Seventy-five years in business has seen three generations at the helm. As they lead into the fourth generation, youth is apparent. The average age of Kalesnikoff employees is only 31 years old.

Ken remembers his  first days working at the mill began when he was just six, alongside his dad for fun on Saturdays. “My dad pointed to a pile of sawdust and told me to clean it up. At the end of the day, he gave me $5; from then on, I was hooked.”

 

As a 13-year-old teenager he spent every weekend working at the mill and upon graduation he worked there full time. Ken joked that his lack of post secondary education may have limited his vocabulary but he was serious about wanting his two children to have a post secondary education.

His daughter Krystle Seed has a Certified Management Accountant degree and is the company’s Chief Financial Officer. Ken’s son Chris went to college for a business diploma and is the operations manager.

In conversation with Ken and sales and marketing manger Griffin Augustin, they explain that one facet to their continued success  is being a smaller company which has allowed them to adjust and adapt their products more quickly to changes in the market demand as compared to larger “spaghetti factory mills.”
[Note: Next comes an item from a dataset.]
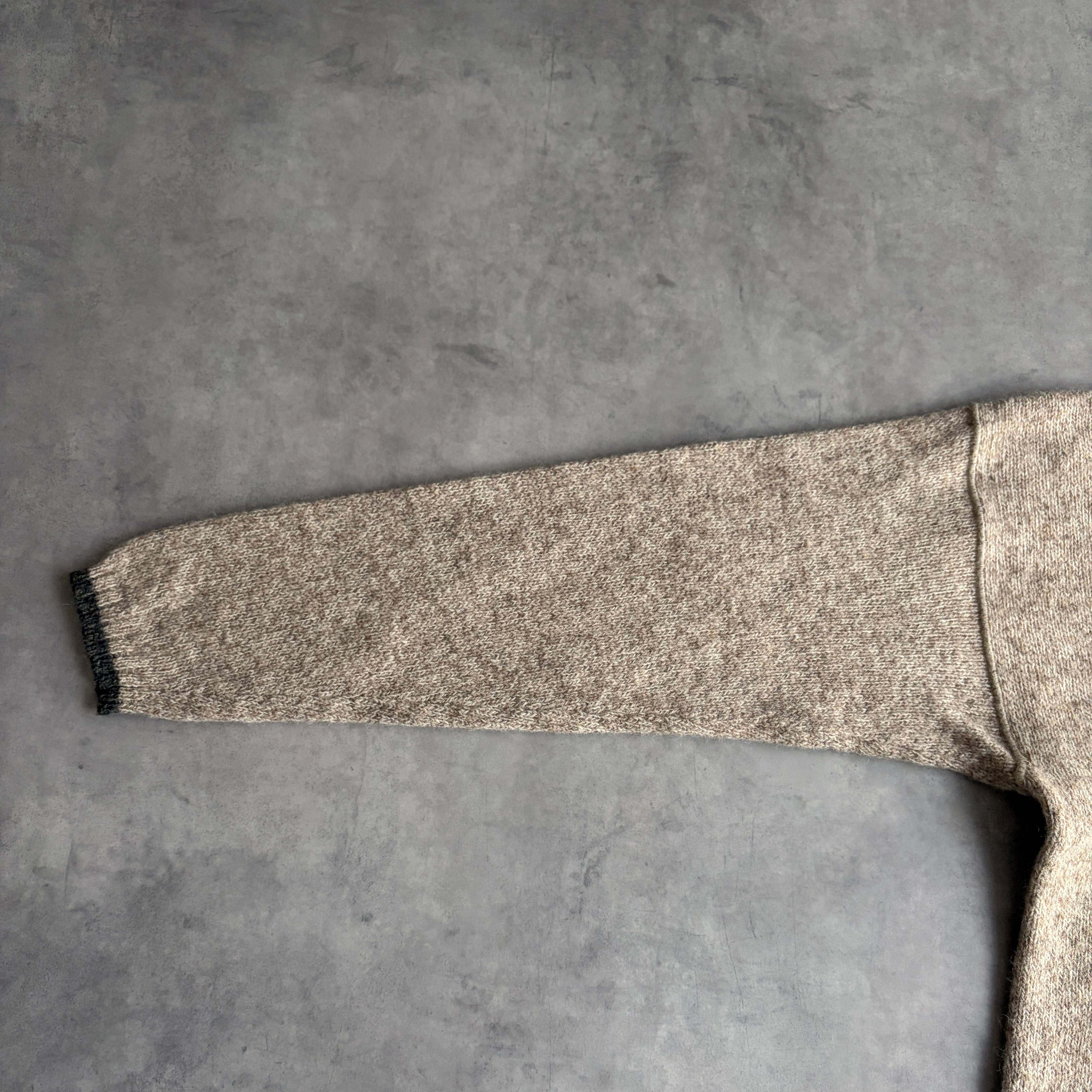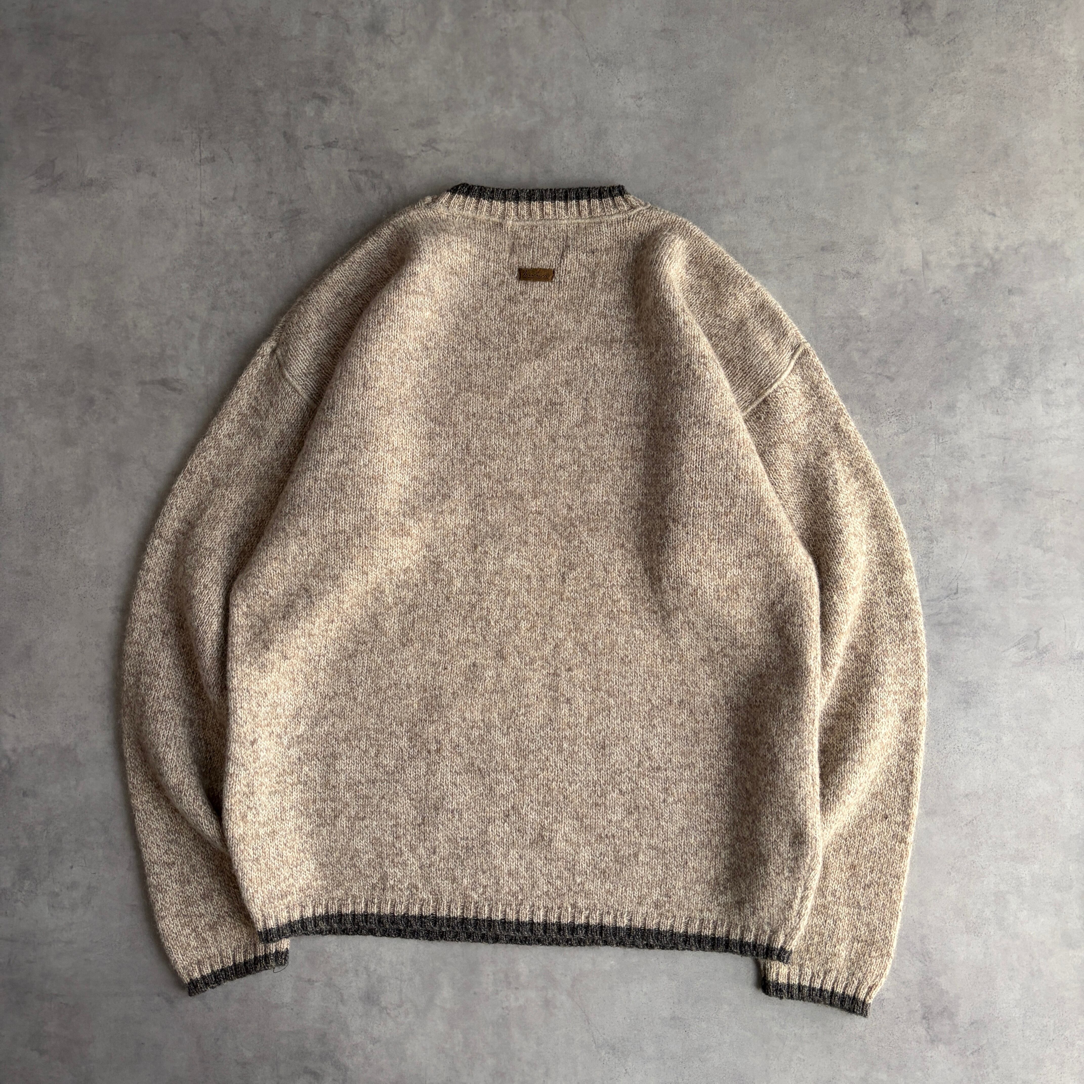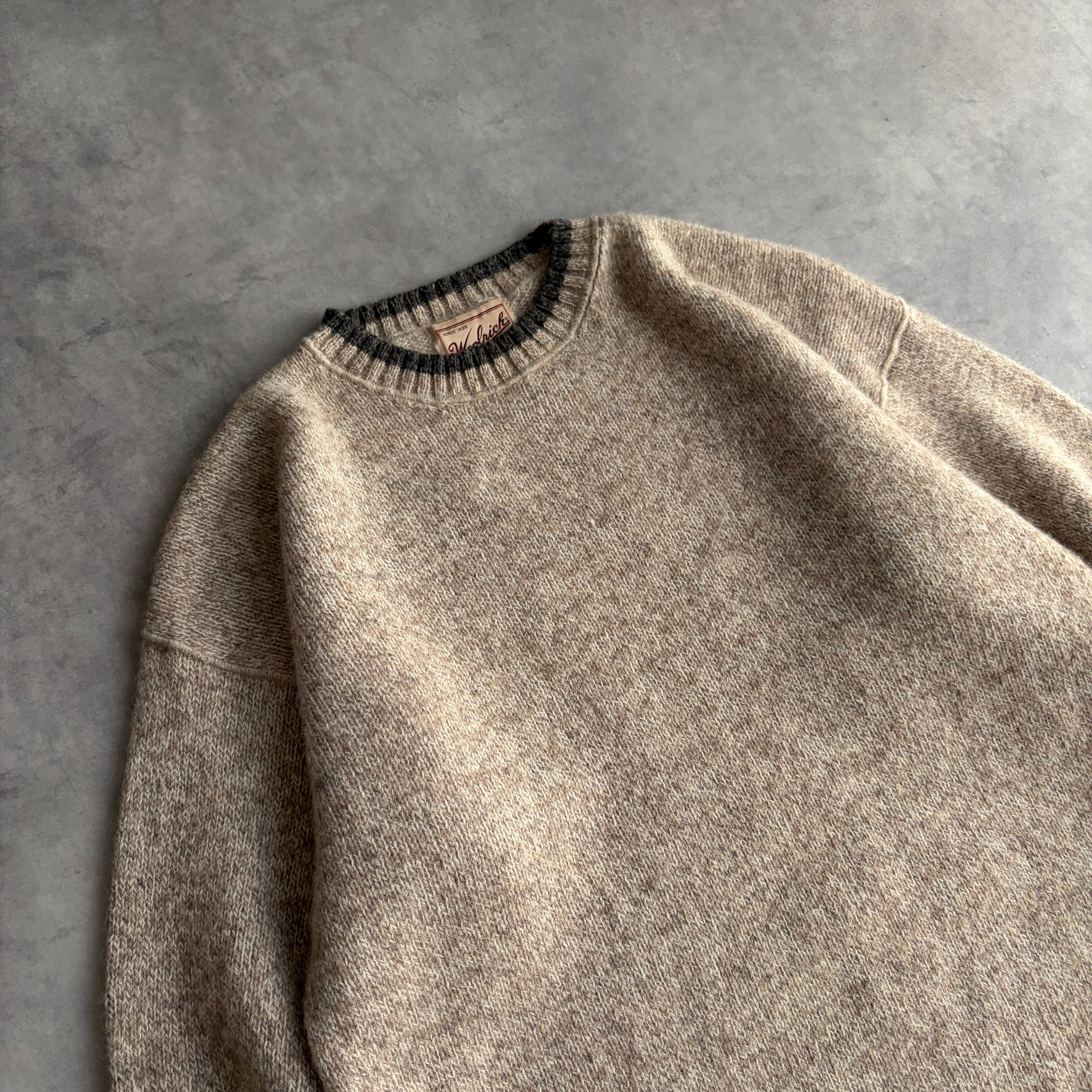 90s/woolrich/ウールリッチ/ウールニット/メランジ/杢/クルーネック/プルオーバー/リブライン/手編み機/ベージュ/L

The second factor is their products are value added, meaning they don’t sell raw logs. Ken said he doesn’t understand raw log exports at all and sees it as a waste.
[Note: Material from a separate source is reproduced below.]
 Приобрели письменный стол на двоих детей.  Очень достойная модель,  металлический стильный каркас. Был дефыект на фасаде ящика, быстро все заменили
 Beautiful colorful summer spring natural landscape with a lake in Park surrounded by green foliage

KLC creates finished or near finished specialty building products like decking, siding, flooring and trim. Thirty five per cent of their market is a siding popular in Eastern Canada that they produce at their linear plant, Kootenay Innovative Wood Ltd. (KIW). Another specially is taruki, a 2×2 length of fir, planed on two sides, used for traditional house building in Japan. It is milled at KLC, then cut, graded and strapped in packages of six (as requested for their Japanese clients) at KIW. Currently 53 per cent of their wood sales are from Japan.

Their products are available for local sales too. One trip to the newly renovated Adventure Hotel (formerly known as The Grand) in downtown Nelson will show you the trim, flooring and finished wood products from KIW.
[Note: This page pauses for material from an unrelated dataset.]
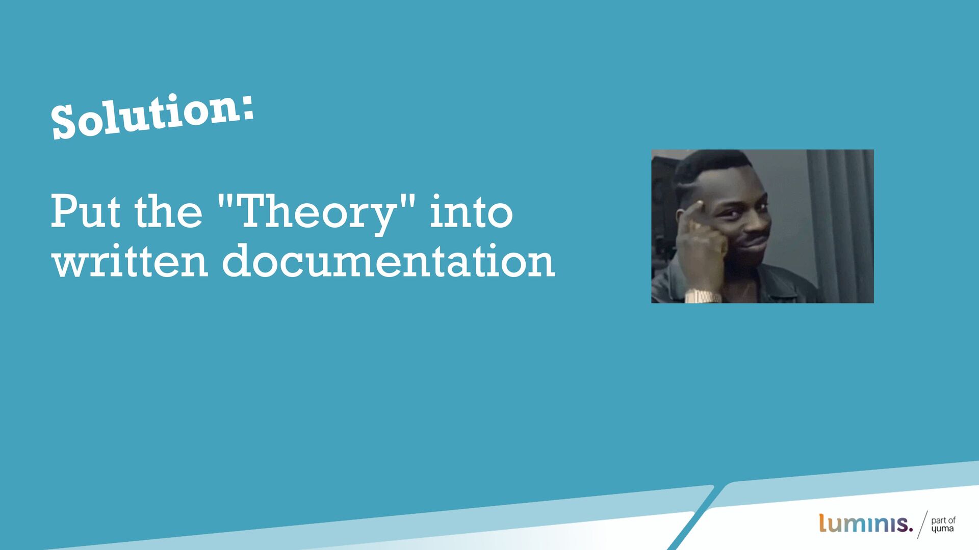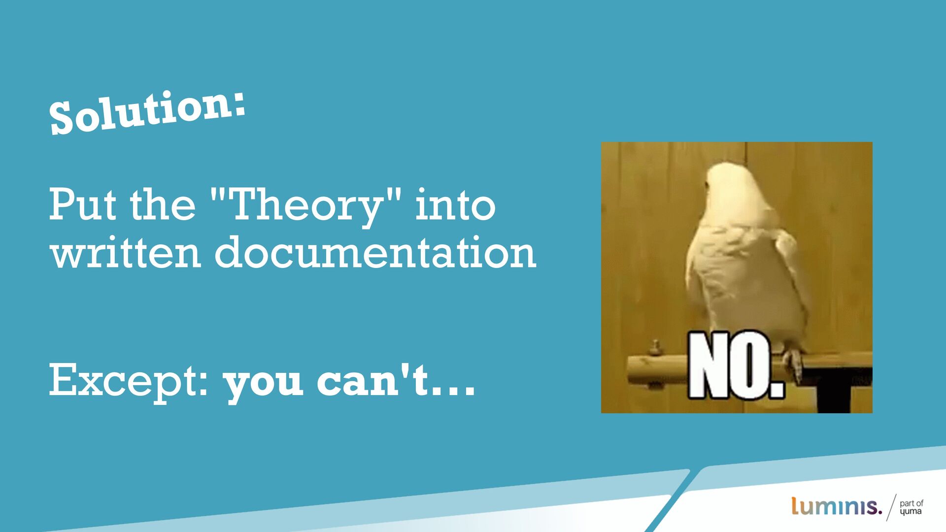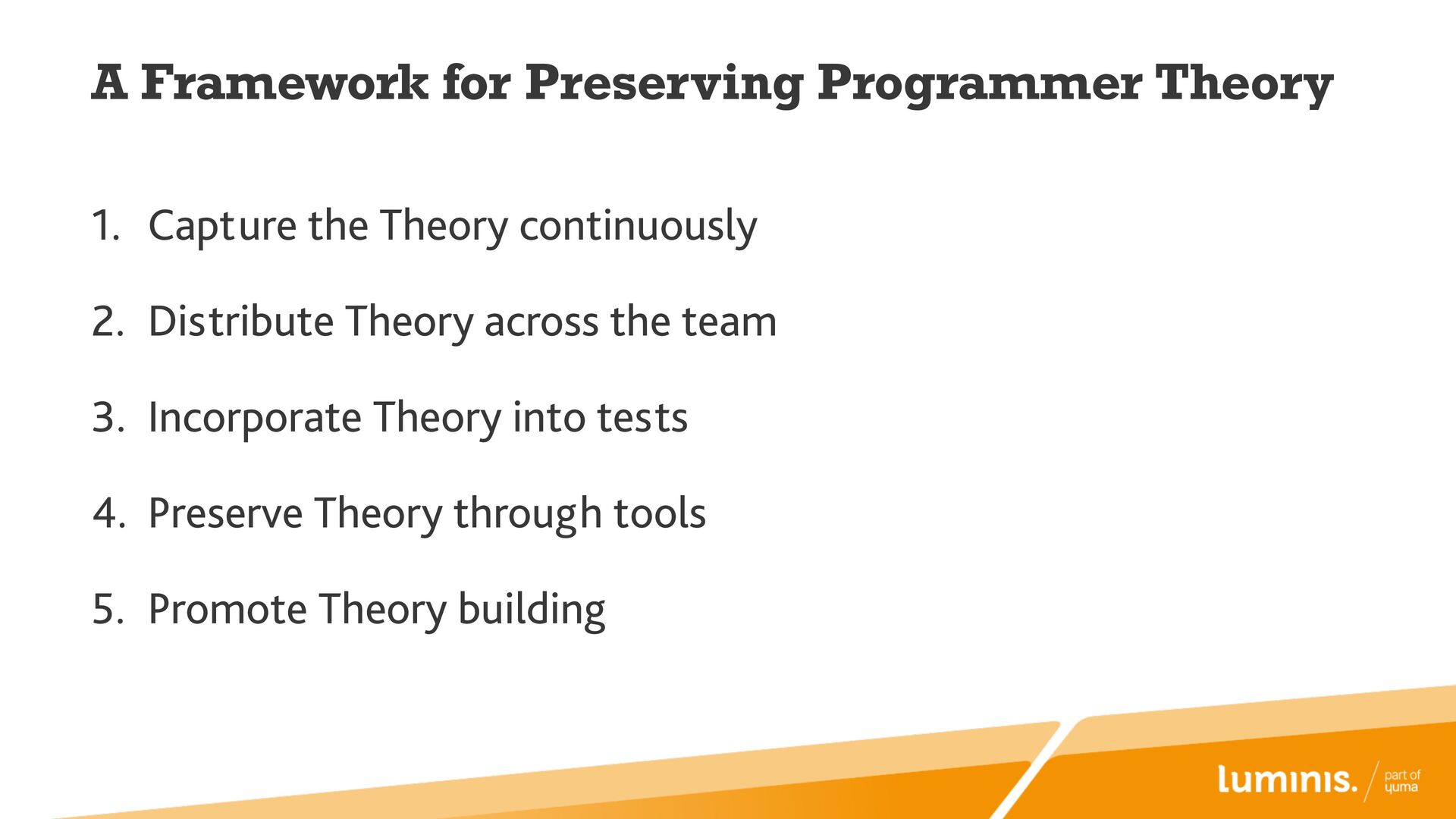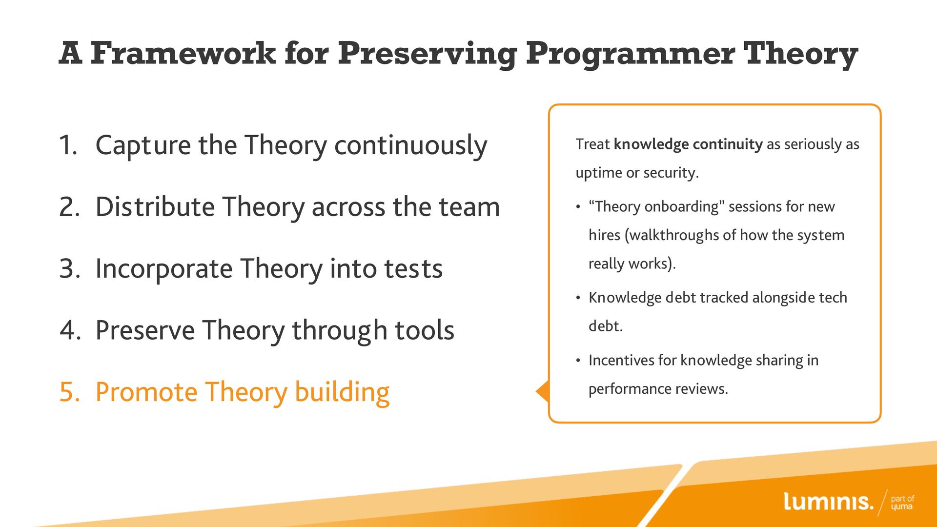 continuously 2. Distribute Theory across the team 3. Incorporate Theory into tests 4. Preserve Theory through tools 5. Promote Theory building Treat knowledge continuity as seriously as uptime or security. • “Theory onboarding” sessions for new hires (walkthroughs of how the system really works). • Knowledge debt tracked alongside tech debt. • Incentives for knowledge sharing in performance reviews.

The Kalesnikoff family  continues to plan for the future of the business and two years ago invested $18 million to retrofit the mill. “We’re in it for the long haul,” said Ken.

There’s less waste than ever at the revamped mill with laser precision cutting which manages to get four different sizes of boards from one individual log as it scans the log curvature for maximum use.

The sawdust goes to Avista Utilities in the United States for combustible power generation and the wood chips go to Zellstoff Celgar pulp mill in Castlegar.

The wood harvested from the West Kootenay is known as Kootenay mix but the star of the show is the Interior Douglas fir. Ken said the growing conditions of the wet belt mean the fir tree knots are smaller, “more like the size of golf balls rather than grapefruit sized” like you’d find on the coast.

Among the various products they make are large structural beams. Kalesnikoff logged and milled the lumber (Interior Douglas fir) that became the iconic ‘wood wave’ roof in the Richmond Olympic Speed Skating oval for the 2010 Vancouver Winter Olympics.

Looking up on the hillsides of Mt. Drummond in the Rover Creek drainage and to the face of Glade Mountain it’s hard to see any signs of the cable logging and the single tree select logging they did in 2002. Ken said that is because he continues to live and work by the company motto “Take care of the land, and the land will take care of you.”

“I truly believe that,” he said. “It’s my life.”

— This story appeared in the West Kootenay Advertiser.